• [What to produce] Give an exact copy of the data that follows, but none of its pictures.

Stored dataset items

===

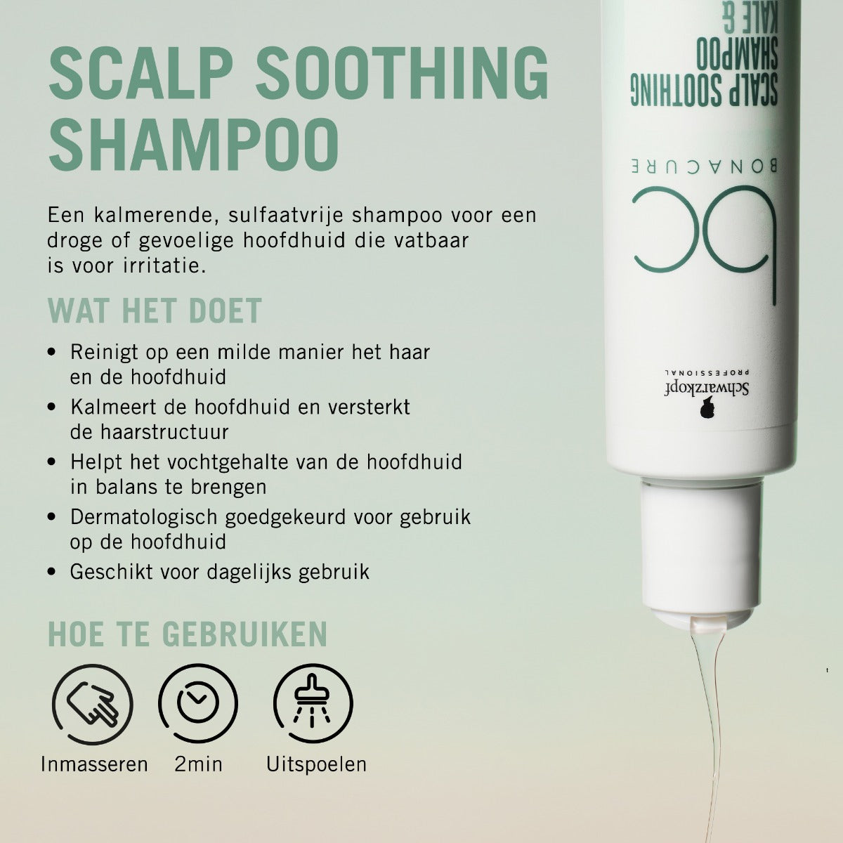 Schwarzkopf Bonacure Scalp Soothing Shampoo is een zachte, verzorgende shampoo, speciaal samengesteld voor de gevoelige hoofdhuid. Deze formule is vrij van agressieve sulfaten, siliconen en kunstmatige kleurstoffen, wat het ideaal maakt voor dagelijks gebruik. Het reinigt het haar zacht, terwijl het de gevoelige hoofdhuid verzacht en kalmeert. Deze shampoo is jouw dagelijkse partner voor een gezonde hoofdhuid en glanzend, levendig haar.
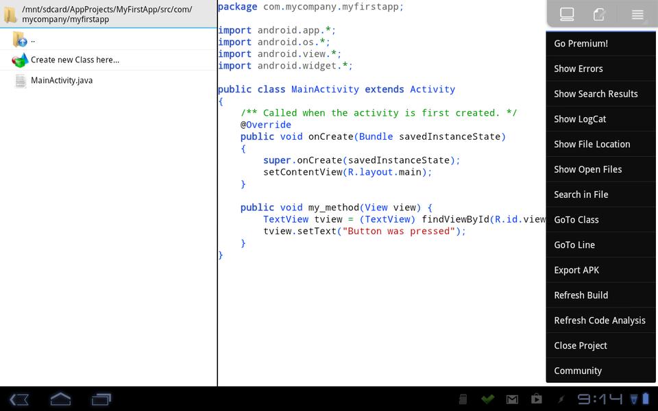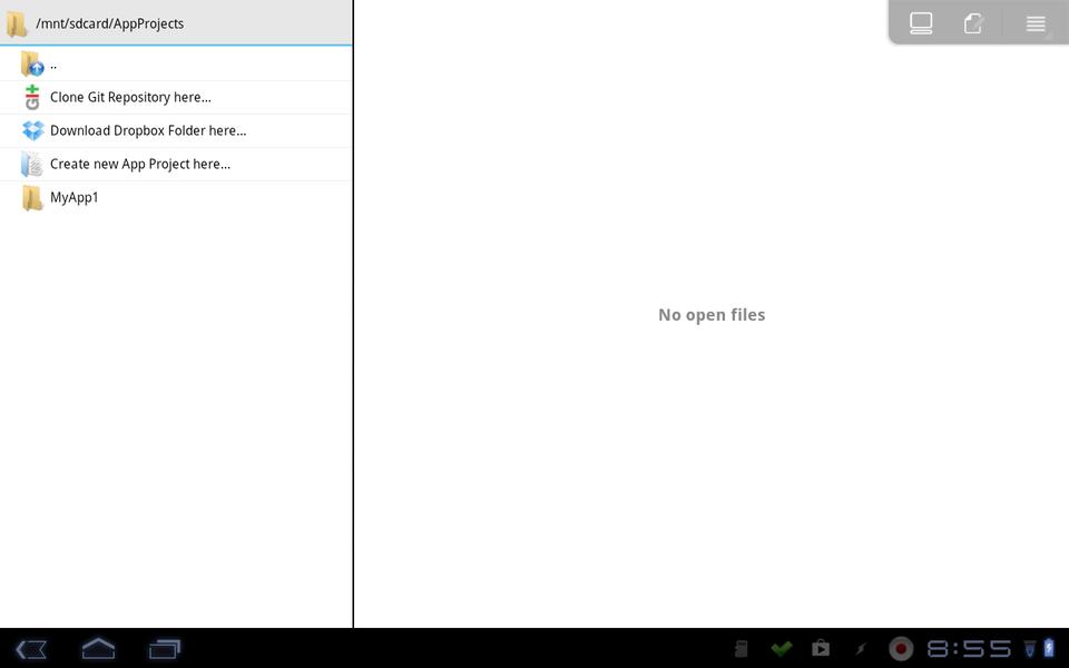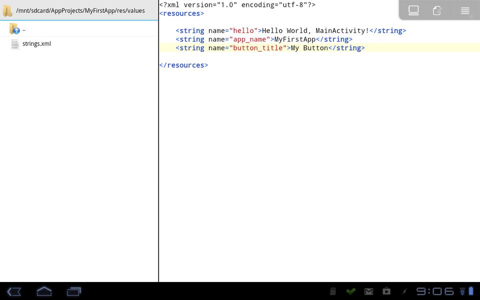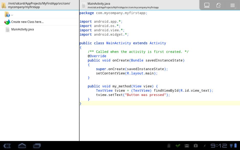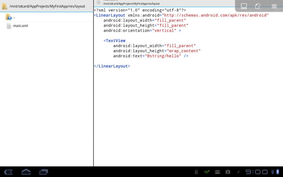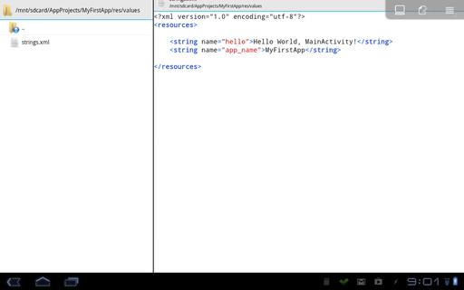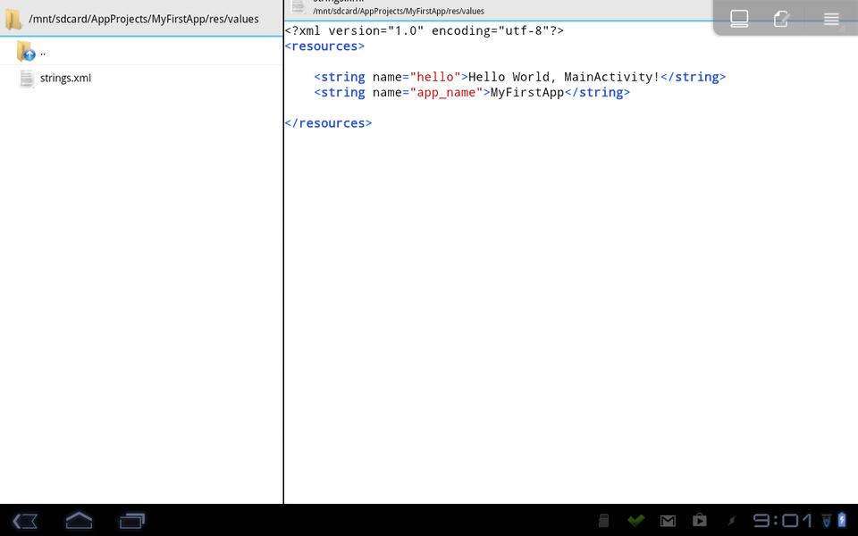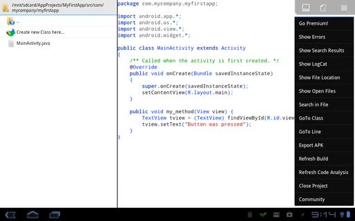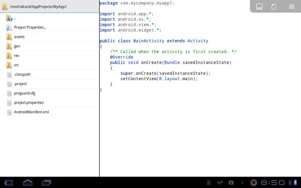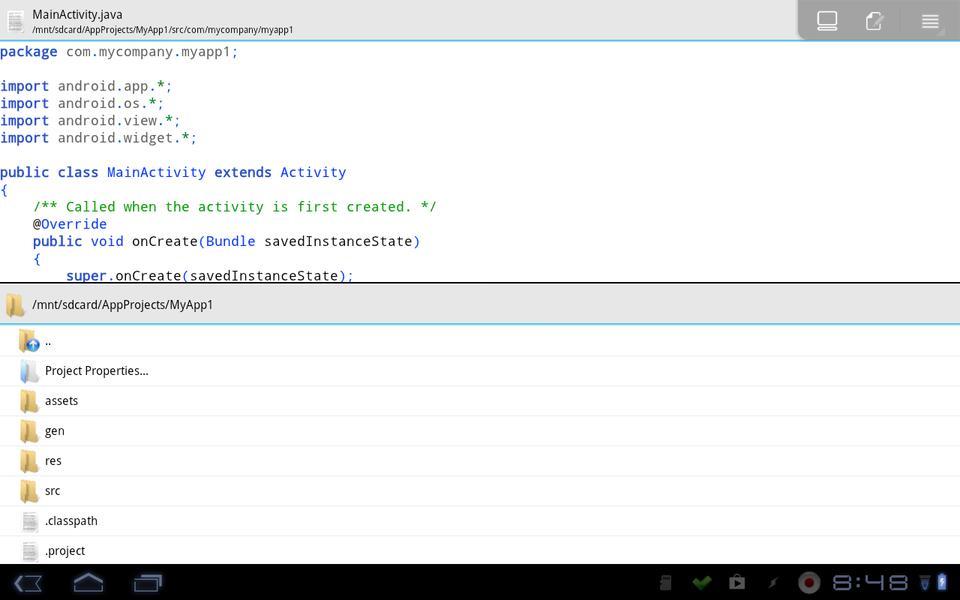 Once you click create, the files will be created in the folder /mnt/sdcard/appname (where appname is the name you gave your project), and this new project will be opened up in the IDE. The main part of the IDE consists of two panes. Their alignment depends on the size of the device on which you're running it. On my phone, the panes are one above the other, and on my tablet, the panes are side by side. The first pane is a file listing for your project, containing all the properties, resources and source files needed for an Android project. The second pane is the main editor, where the central file (MainActivity.java) gets loaded on project creation.
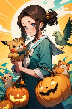 chick,too_many,stuffed_toy,stuffed_animal,stuffed_cat,:3,dog,hamster,teddy_bear,cat,ghost,bird,pokemon_\(creature\),kero,pumpkin,pikachu,jack-o'-lantern,bear,Kamado_Nezuko,WZRYbuzhihuowuYP,sailor moon,1girl,女帝,One piece
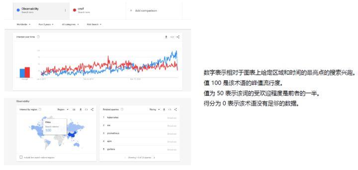 上图左下角为可观测性的全球搜索趋势,其中中国的搜索热度颇高。
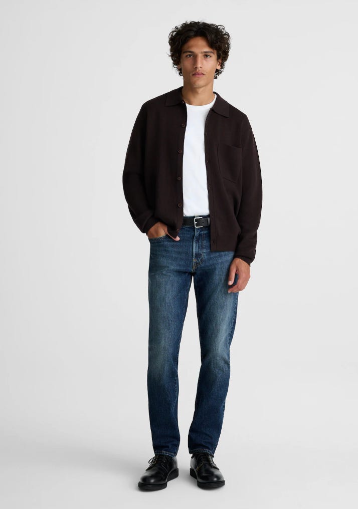The Cheat Code: Balance. You need “Straight” or “Athletic” cut pants to add visual weight to your lower half so you don’t look top-heavy.
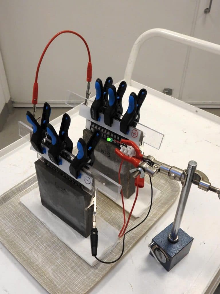 O conceito envolve primeiro uma mistura à base de cimento, com pequenas quantidades de fibras curtas de carbono adicionadas para aumentar a condutividade e a tenacidade à flexão. Então, embutida na mistura está uma malha de fibra de carbono revestida de metal – ferro para o ânodo e níquel para o cátodo. Depois de muita experimentação, este é o protótipo que os pesquisadores agora apresentam.
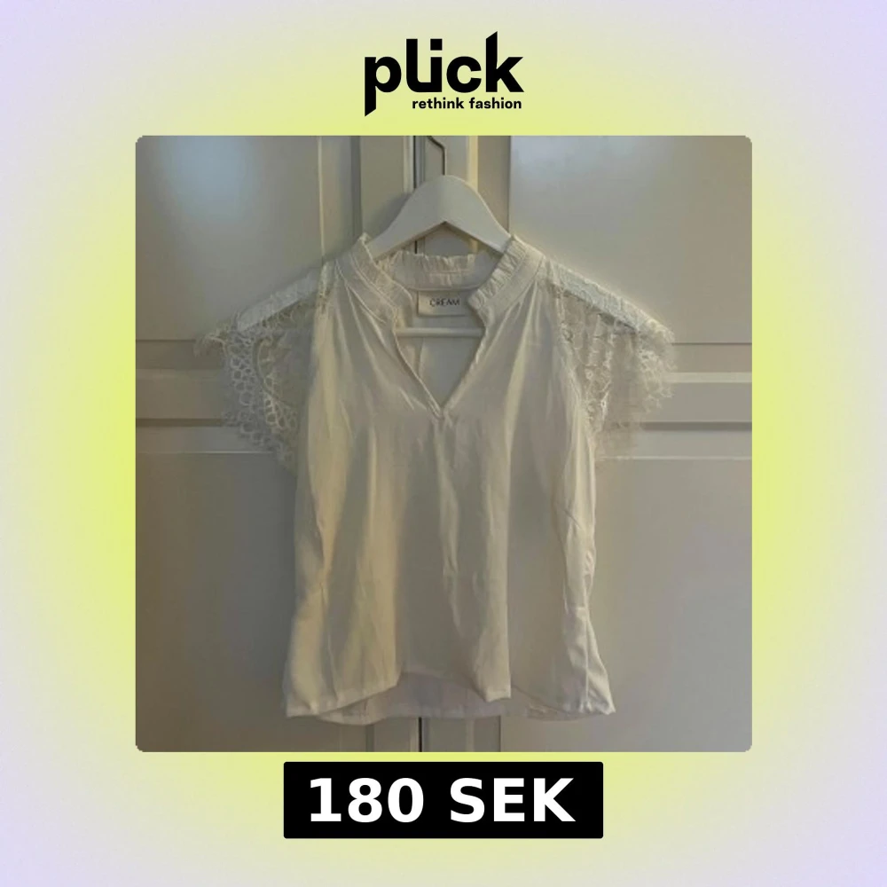 Säljer en vit blus från Cream med v-ringning och vackra spetsdetaljer på ärmarna. Blusen har korta, luftiga ärmar i spets och en mjuk, feminin design. Perfekt för en fräsch och stilren look.
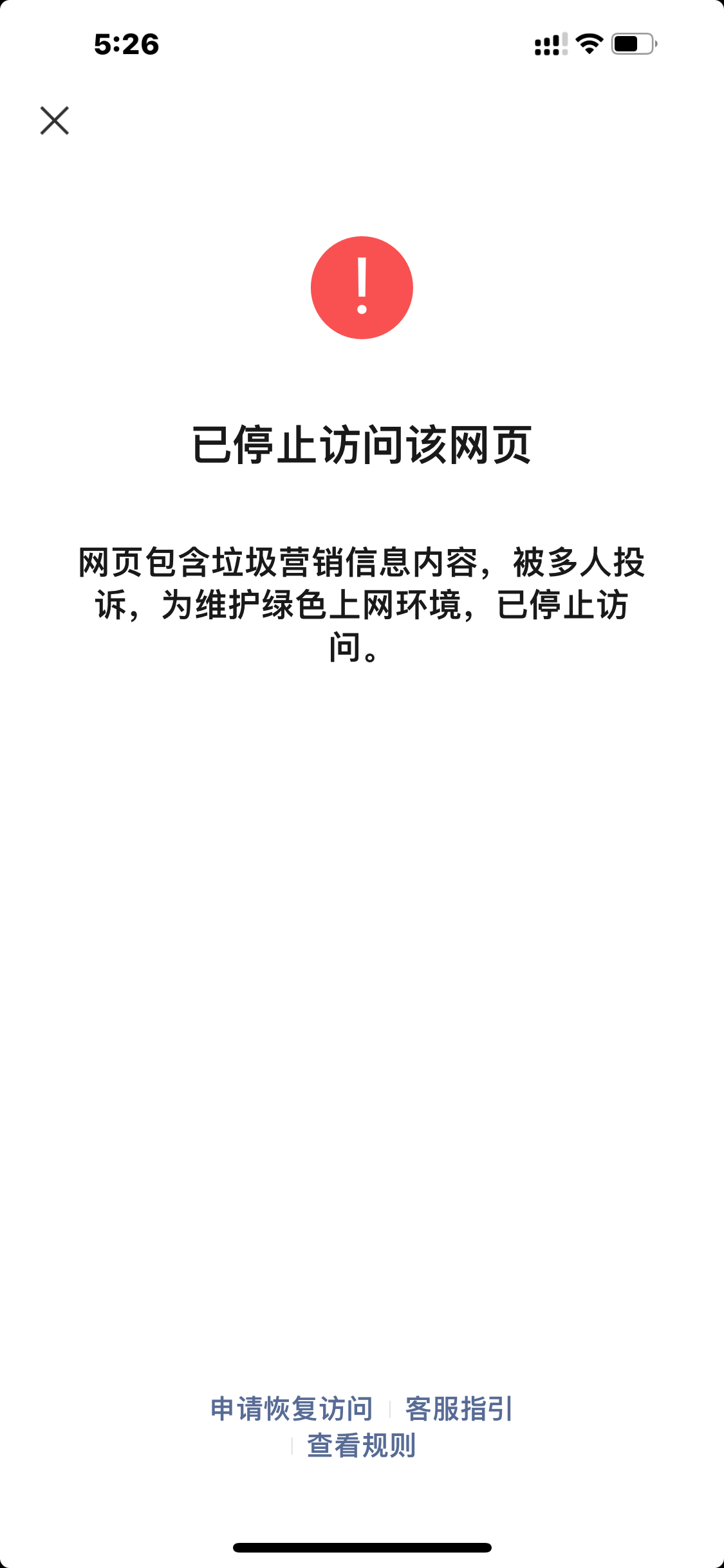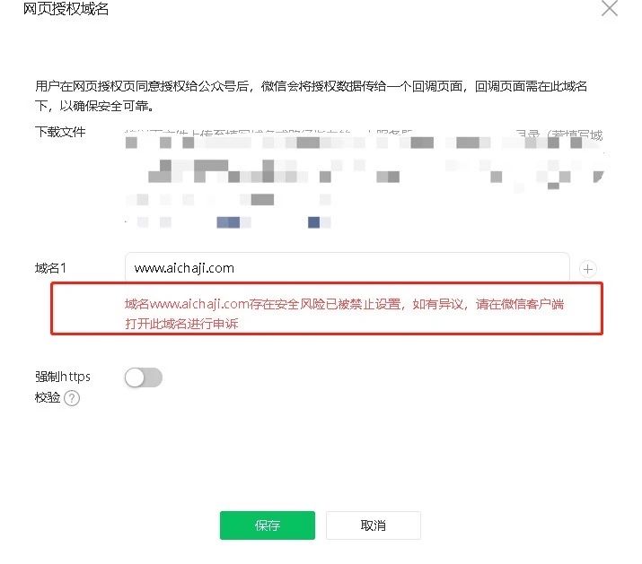 域名www.aichaji.com存在安全风险已被禁止设置,如有异议,请在微信客户端打开此域名进行申诉,这是新买的域名,公众号添加不了网页授权域名,域名是7月31号新买的,备案是8月10号通过的,这个域名没人知道,不可能存在被投诉的,我猜测是不是因为上任用户违规使用被导致限制,请求核实解除限制。

===

• [Written answer]
 Schwarzkopf Bonacure Scalp Soothing Shampoo is een zachte, verzorgende shampoo, speciaal samengesteld voor de gevoelige hoofdhuid. Deze formule is vrij van agressieve sulfaten, siliconen en kunstmatige kleurstoffen, wat het ideaal maakt voor dagelijks gebruik. Het reinigt het haar zacht, terwijl het de gevoelige hoofdhuid verzacht en kalmeert. Deze shampoo is jouw dagelijkse partner voor een gezonde hoofdhuid en glanzend, levendig haar.
 Once you click create, the files will be created in the folder /mnt/sdcard/appname (where appname is the name you gave your project), and this new project will be opened up in the IDE. The main part of the IDE consists of two panes. Their alignment depends on the size of the device on which you're running it. On my phone, the panes are one above the other, and on my tablet, the panes are side by side. The first pane is a file listing for your project, containing all the properties, resources and source files needed for an Android project. The second pane is the main editor, where the central file (MainActivity.java) gets loaded on project creation.
 chick,too_many,stuffed_toy,stuffed_animal,stuffed_cat,:3,dog,hamster,teddy_bear,cat,ghost,bird,pokemon_\(creature\),kero,pumpkin,pikachu,jack-o'-lantern,bear,Kamado_Nezuko,WZRYbuzhihuowuYP,sailor moon,1girl,女帝,One piece
 上图左下角为可观测性的全球搜索趋势,其中中国的搜索热度颇高。
The Cheat Code: Balance. You need “Straight” or “Athletic” cut pants to add visual weight to your lower half so you don’t look top-heavy.
 O conceito envolve primeiro uma mistura à base de cimento, com pequenas quantidades de fibras curtas de carbono adicionadas para aumentar a condutividade e a tenacidade à flexão. Então, embutida na mistura está uma malha de fibra de carbono revestida de metal – ferro para o ânodo e níquel para o cátodo. Depois de muita experimentação, este é o protótipo que os pesquisadores agora apresentam.
 Säljer en vit blus från Cream med v-ringning och vackra spetsdetaljer på ärmarna. Blusen har korta, luftiga ärmar i spets och en mjuk, feminin design. Perfekt för en fräsch och stilren look.
 域名www.aichaji.com存在安全风险已被禁止设置,如有异议,请在微信客户端打开此域名进行申诉,这是新买的域名,公众号添加不了网页授权域名,域名是7月31号新买的,备案是8月10号通过的,这个域名没人知道,不可能存在被投诉的,我猜测是不是因为上任用户违规使用被导致限制,请求核实解除限制。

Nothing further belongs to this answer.